### [Instructions to follow]
Every entry is to be returned unchanged, and no picture is to be included.

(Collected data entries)
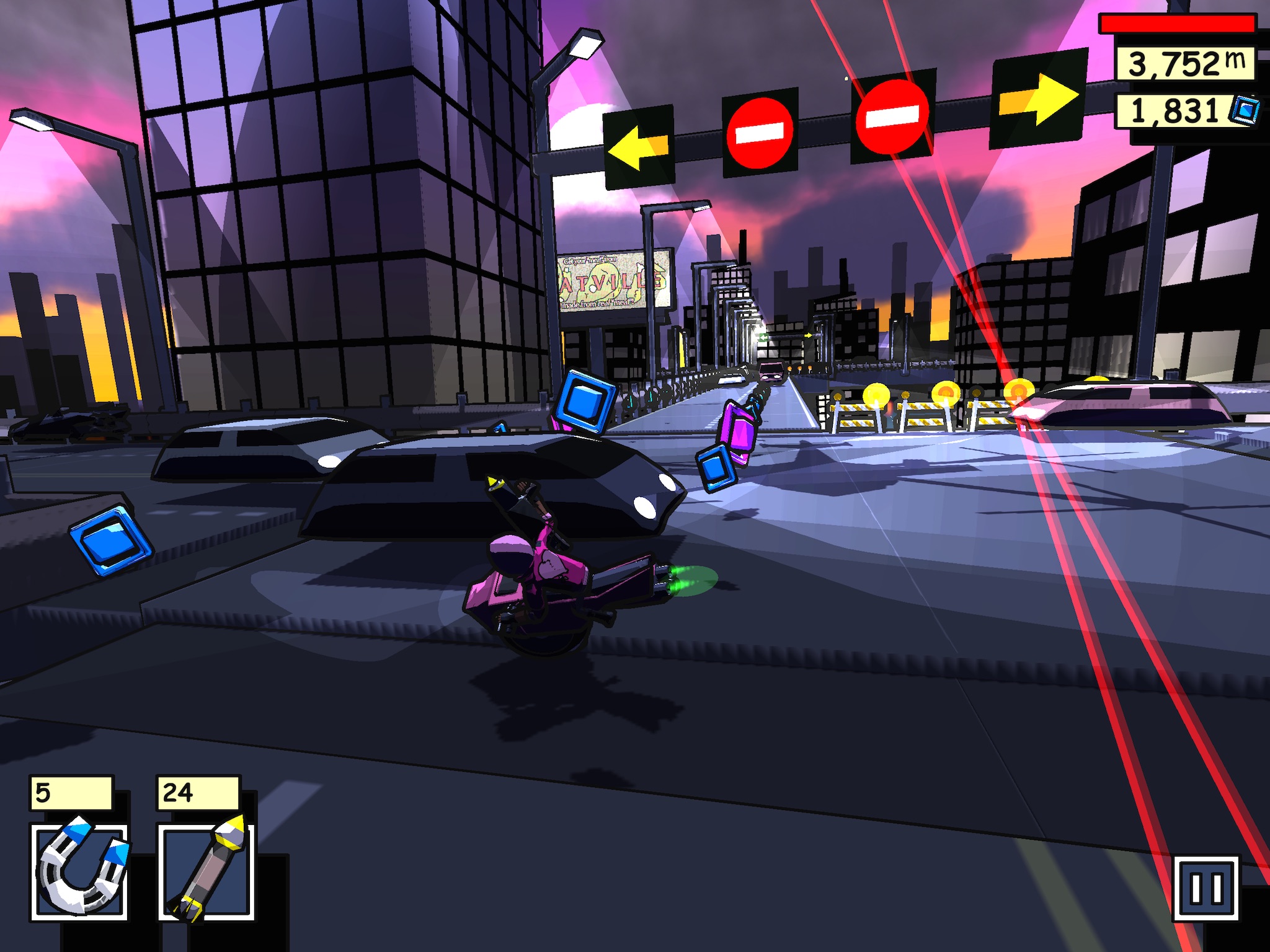 Dodge and his sister Weave have hacked their way into a honeypot of data that threatens to be their last! Only you can save them from gun-toting hover-drones, vicious vehicles, and the surreal streets of Cyber City. Blaze your byte-cycle through a maze of madness, collect your data, and hack your way through this mind-bending adventure!
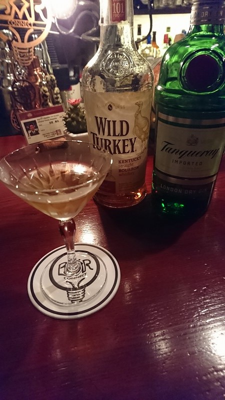 何とワイルドターキー(ウィスキー)とタンカレー(ジン)を1:1で合わせるという、
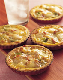 3.每个塔皮内层先刷上番茄酱,再洒上起司丝,将配料分别排列于上。
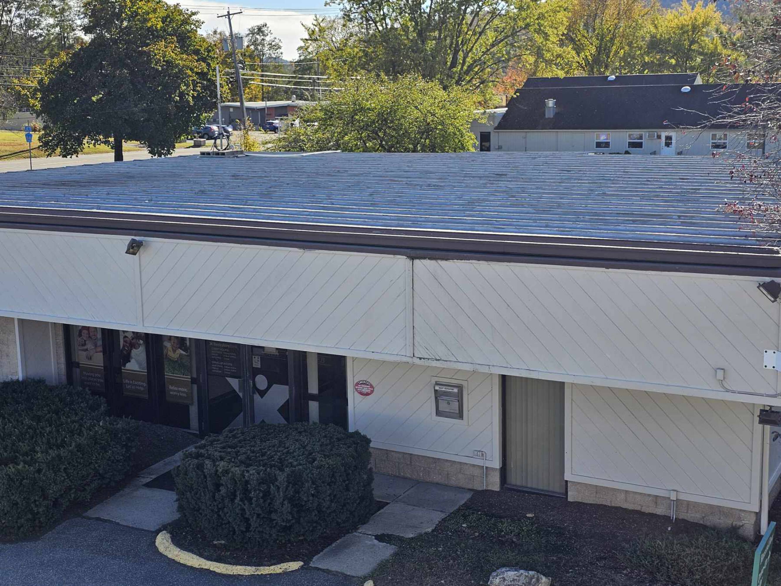 Two buildings with six-unit retail center and bank.
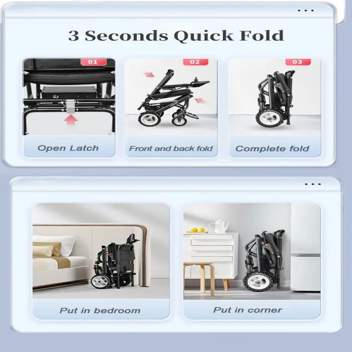 The wheelchair features a simple folding mechanism that allows you to fold it easily for compact storage. Just pull the release lever and fold the wheelchair in half.
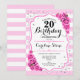 Convite de aniversário de 20. Design cor-de-rosa branca esbranquiçada elegante com falso brilho. Listras prateadas e brancas com rosas cor-de-rosa. Perfeito para uma elegante festa de aniversário de vinte.

### [Result]
 Dodge and his sister Weave have hacked their way into a honeypot of data that threatens to be their last! Only you can save them from gun-toting hover-drones, vicious vehicles, and the surreal streets of Cyber City. Blaze your byte-cycle through a maze of madness, collect your data, and hack your way through this mind-bending adventure!
 何とワイルドターキー(ウィスキー)とタンカレー(ジン)を1:1で合わせるという、
 3.每个塔皮内层先刷上番茄酱,再洒上起司丝,将配料分别排列于上。
 Two buildings with six-unit retail center and bank.
 The wheelchair features a simple folding mechanism that allows you to fold it easily for compact storage. Just pull the release lever and fold the wheelchair in half.
 Convite de aniversário de 20. Design cor-de-rosa branca esbranquiçada elegante com falso brilho. Listras prateadas e brancas com rosas cor-de-rosa. Perfeito para uma elegante festa de aniversário de vinte.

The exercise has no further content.